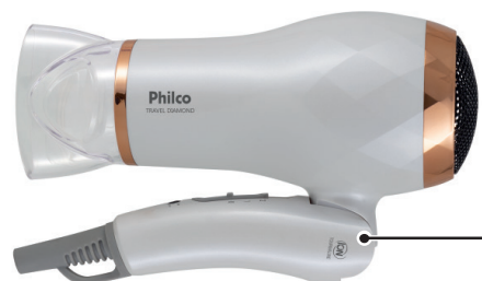
DETALHE DO CABO DOBRÁVEL
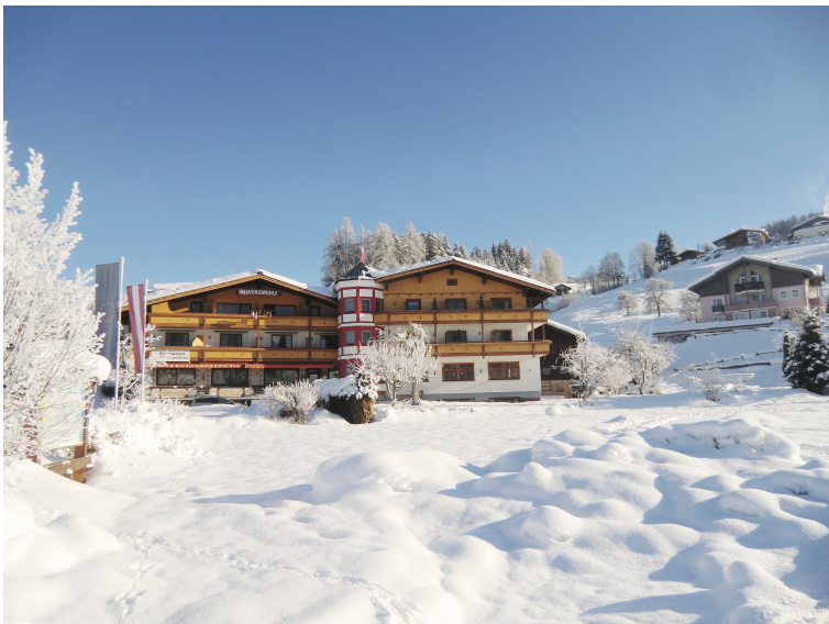
Bei so einer winterlichen Kulisse schlägt das Skifahrerherz gleich höher!

Die Anmeldung muss bis zum 14. Oktober 2015 erfolgen.
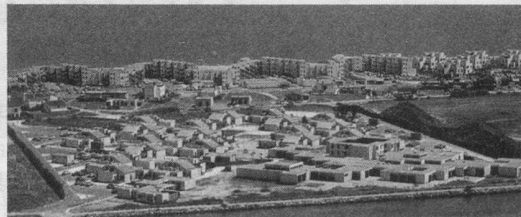
Port Barcarès: le village-vacances L'Estanyot

(Reprise après quelques années d'un séjour fort apprécié et de surcroît avantageux).
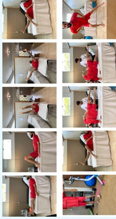
Exercícios específicos para os adutores
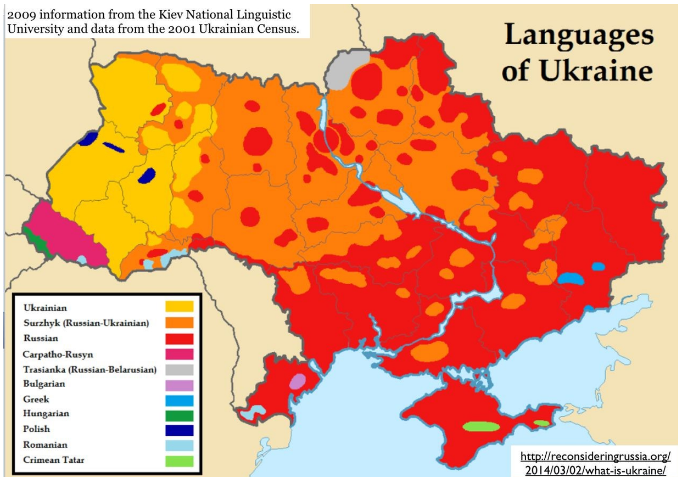
Demografická mapa Ukrajiny z roku 2009

2009 information from the Kiev National Linguistic University and data from the 2001 Ukrainian Census.
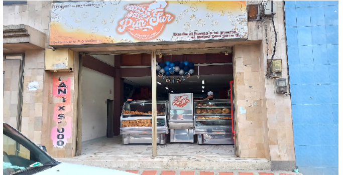
Fachada de Local Comercial
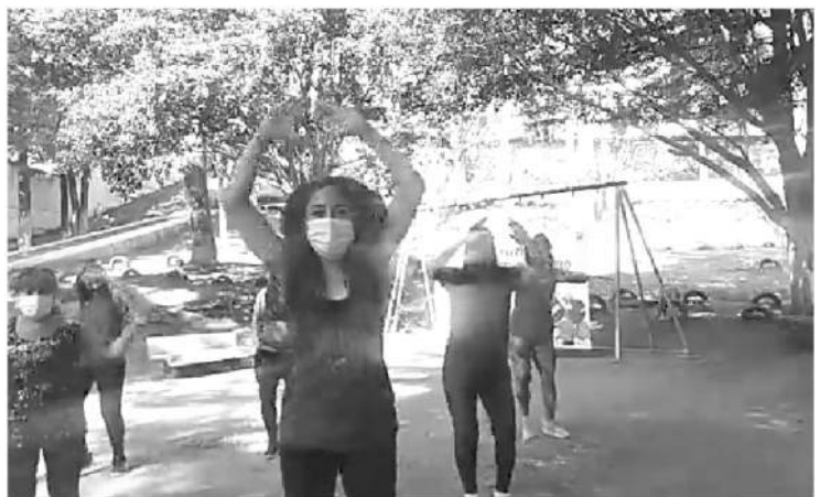
La activación física se realiza desde diferentes instalaciones deportivas con las que cuenta el municipio como la Unidad Deportiva La Joya, Siglo XXI, Pueblo Nuevo, y el Complejo Salesiano.

A quienes acuden a visitar los espacios deportivos, recordó que el uso del cubrebocas es obligatorio, también mantener la sana distancia y por el momento solo se permite la realización de actividades individuales como correr, caminar y trotar.
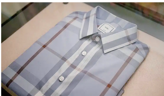
袁隆平夫人捐给纪念馆的袁隆平的衬衫

隆平院士安然坐在稻穗之下，神情温和慈祥，目光轻柔望向沉甸甸的稻穗，满目皆是丰收景象。据悉，1949年，袁隆平考入私立相辉学院（西南大学前身之一）农艺系，立下“让所有人远离饥饿”的毕生追求。袁老生前常说，“人就像种子，要做一粒好种子”。
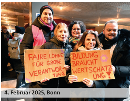
4. Februar 2025, Bonn
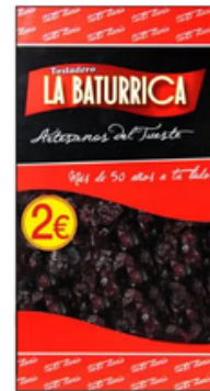
Arándano Rojo (2€)
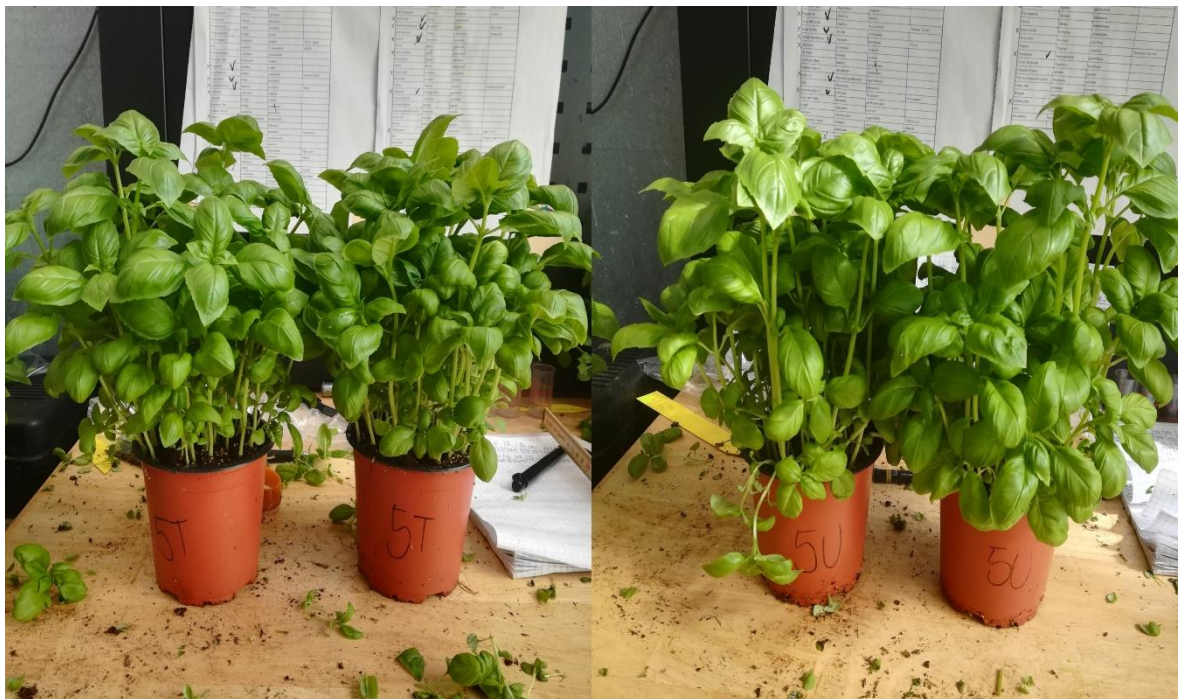
Slika 15. Završni izgled tretmana 5
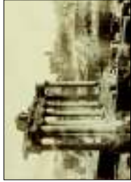
Foro Romano Veduta con il Tempio di Saturno , olio su tela, 1860. Inv. Museo di Firenze. € 2.000,00
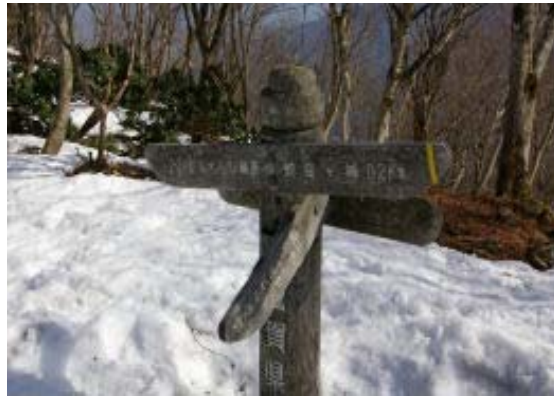
ふれあいの里分岐・地点③

比良のSH例会初参加ということで記念すべき1回目。雰囲気もよく、次回も参加したいと思う。
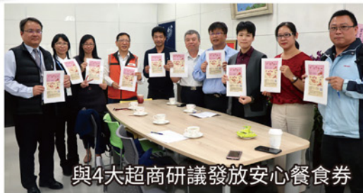
與4大超商研議發放安心餐食券
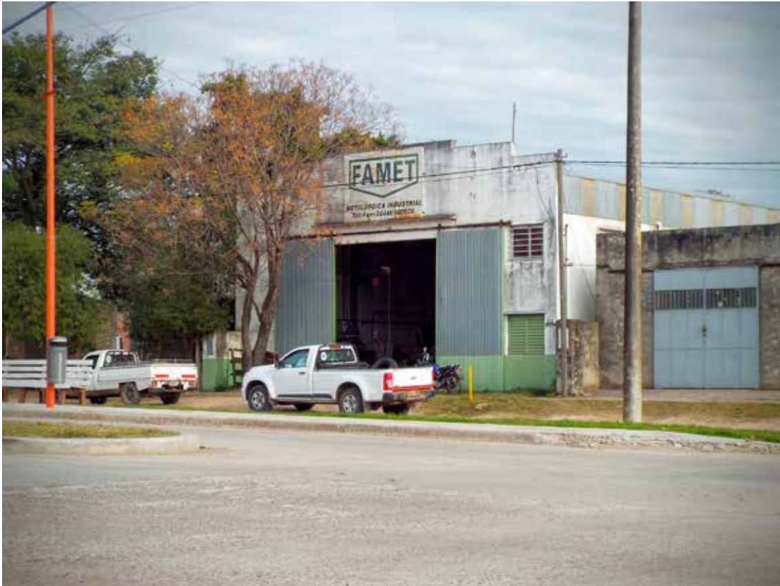
El taller Urquiza.
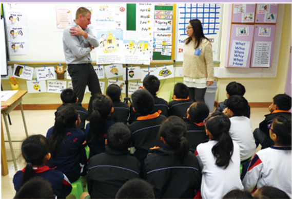
▼ 透過不同的課堂活動，學生積極投入、專注學習，提升了自信心及表達力。

為營造豐富的語言環境及提升學生英語的興趣，本校於一至三年級推行「小學識字計劃 - 閱讀及寫作 (PLP-R/W)」，由外籍英語教師、英文科任老師及英語教學助理以靈活及多元化的教學模式共同協教，於低年級課程內加插圖書教學，並強調拼音元素及閱讀技巧，藉此培養學生英語讀寫的能力。老師一方面從不同的閱讀活動，包括閱讀大型圖書 (Shared Reading)、小組導讀 (Guided Reading) 及個人閱讀 (Independent Reading) 訓練學生的英文閱讀技巧，另一方面讓他們「以讀帶寫」，從指導性寫作活動 (Guided Writing) 至過程寫作技巧訓練，循序漸進地掌握英文寫作技巧。學生透過有系統的閱讀及寫作課程，訓練學生聽、說、讀、寫的語文能力。
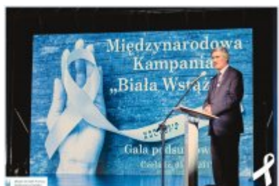
Kampania "Białej Wstążki"
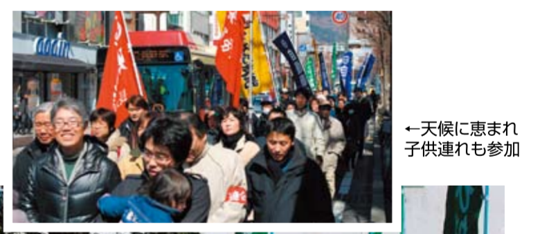
←天候に恵まれ子供連れも参加
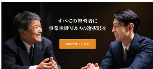
「ビズリーチ・サクシード」トップページ

※「ビズリーチ・サクシード」は、「M&Aプラットフォーム」とご記載ください。なお、仲介業はしておりませんので「M&A仲介」という表記はお控えいただきますようお願いいたします。
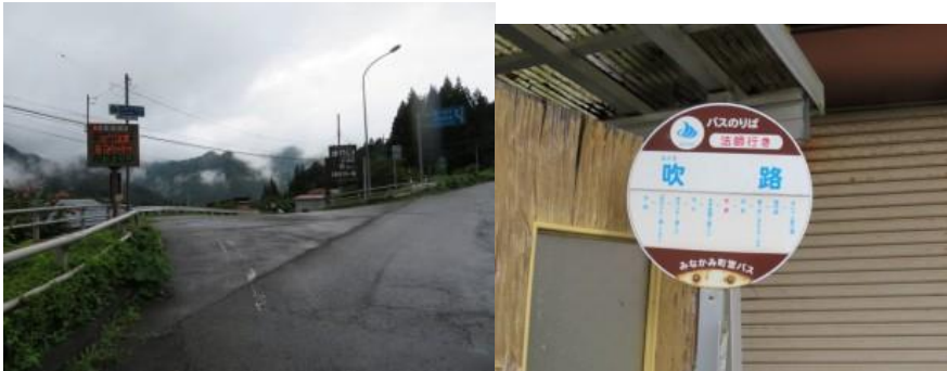
※法師温泉への交差点、吹路バス停

⑫12時51分より、255歩ある新三国大橋(赤橋)を渡る。12時55分、東京から171km地点に到達。この橋を渡り、暫く歩くと猿ヶ京の民家が広がる。
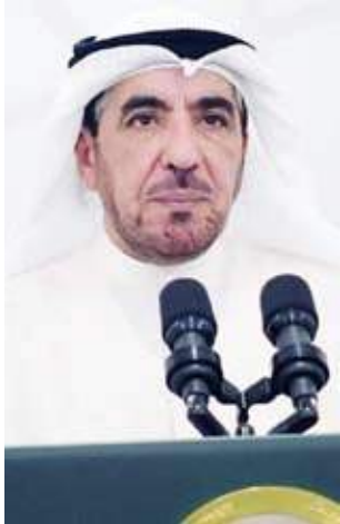
د. حسن جوهر

1. ما أسباب موافقتكم لوزير المالية بتنفيذ السياسة العامة للحكومة برئاسة سموكم فيما يتعلق بشؤون وزارته من خلال إصدار مجلس الوزراء قراره رقم (895) بتكليف نائب رئيس مجلس الوزراء ووزير الدولة لشؤون مجلس الوزراء ووزير الدولة لشؤون مجلس الأمة، بعد عرض كتاب وزارة المالية المؤرخ في 3 أغسطس 2023م على مجلسكم، باستعمال نظر مشروع القانون بشأن الضريبة الانتقائية وضريبة القيمة المضافة رغم عدم ورودها ضمن المتطلبات التشريعية في برنامج عمل الحكومة (2023 / 2027)؟
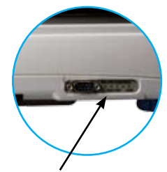
RS-232 bidirectionnelle 1
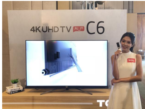
TCL 4K UHD TV
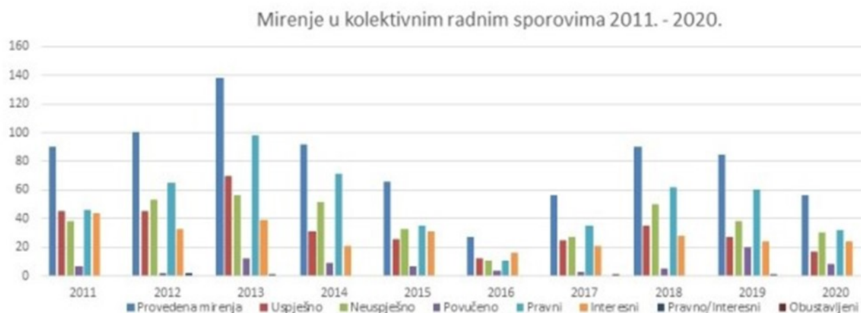
Grafikon 1. Prikaz mirenja u kolektivnim radnim sporovima između 2011. – 2020
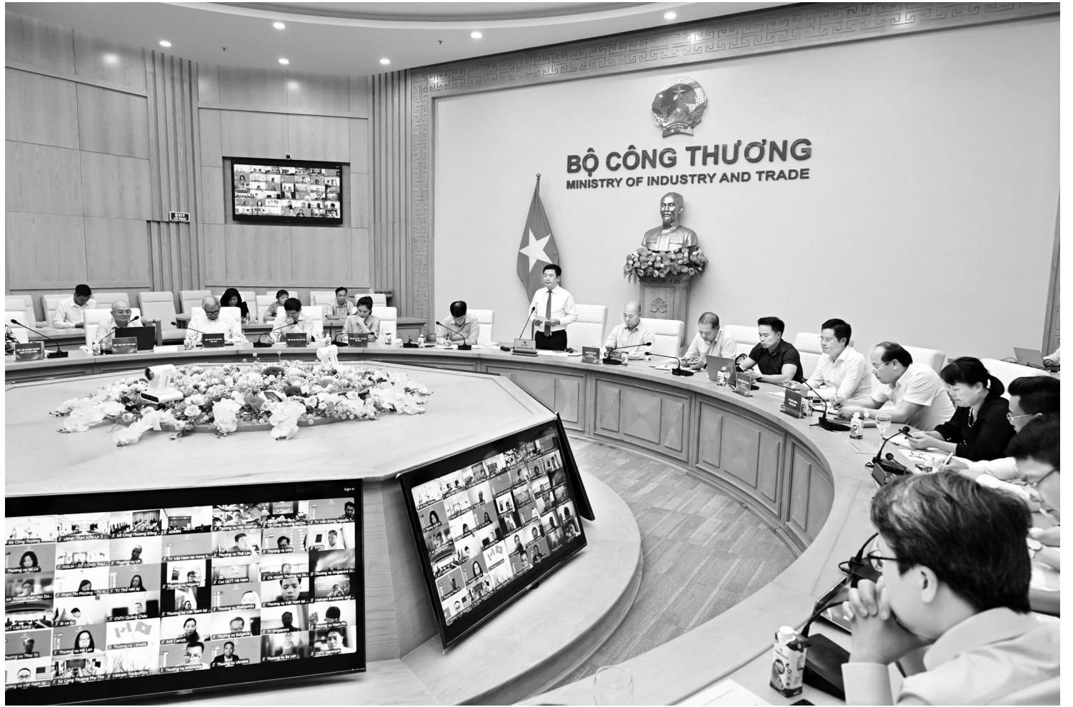
Toàn cảnh hội nghị
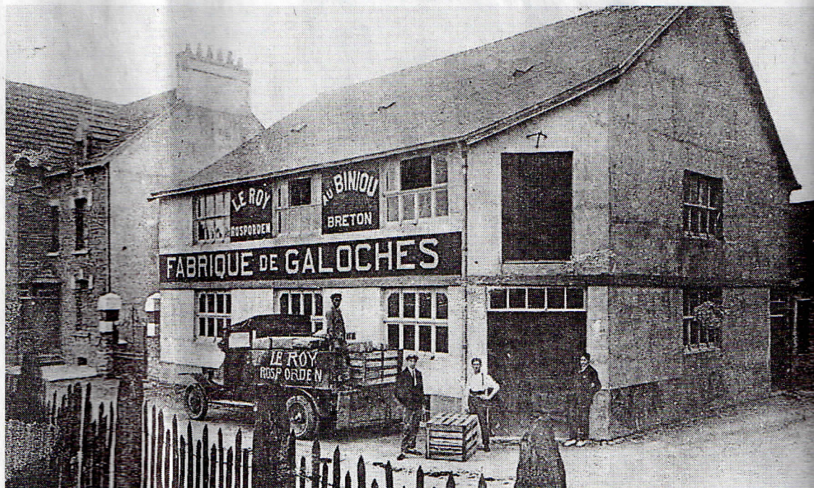
La galocherie Le Roy. L'usine, construite, en 1917 employait 105 employés, en 1 937. Les galoches, ces chaussures à semelle de bois étaient très recherchées.

« Nombreux sont ceux qui se souviennent également des récoltes et de l'éboutage des haricots, le soir, après l'école, et de la saison d'été aux conserveries pour se faire de l'argent de poche. On a rassemblé ces différents témoignages pour expliquer également les grands bouleversements qui ont ébranlé les secteurs économiques de l'époque. On est dans une démarche de travail de mémoire pour raconter une époque où il y avait 1 500 emplois industriels dans une bourgade qui comptait 5 000 habitants. Les entreprises devaient décaler leurs horaires afin d'éviter les embouteillages ! Puis la
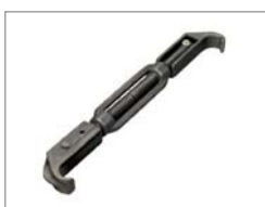
OTR-spännare för låsringsfälgar C4007611

*Exercise directions*
Take every line above that includes "como" and list it.

*Answer to the problem*
La activación física se realiza desde diferentes instalaciones deportivas con las que cuenta el municipio como la Unidad Deportiva La Joya, Siglo XXI, Pueblo Nuevo, y el Complejo Salesiano.
A quienes acuden a visitar los espacios deportivos, recordó que el uso del cubrebocas es obligatorio, también mantener la sana distancia y por el momento solo se permite la realización de actividades individuales como correr, caminar y trotar.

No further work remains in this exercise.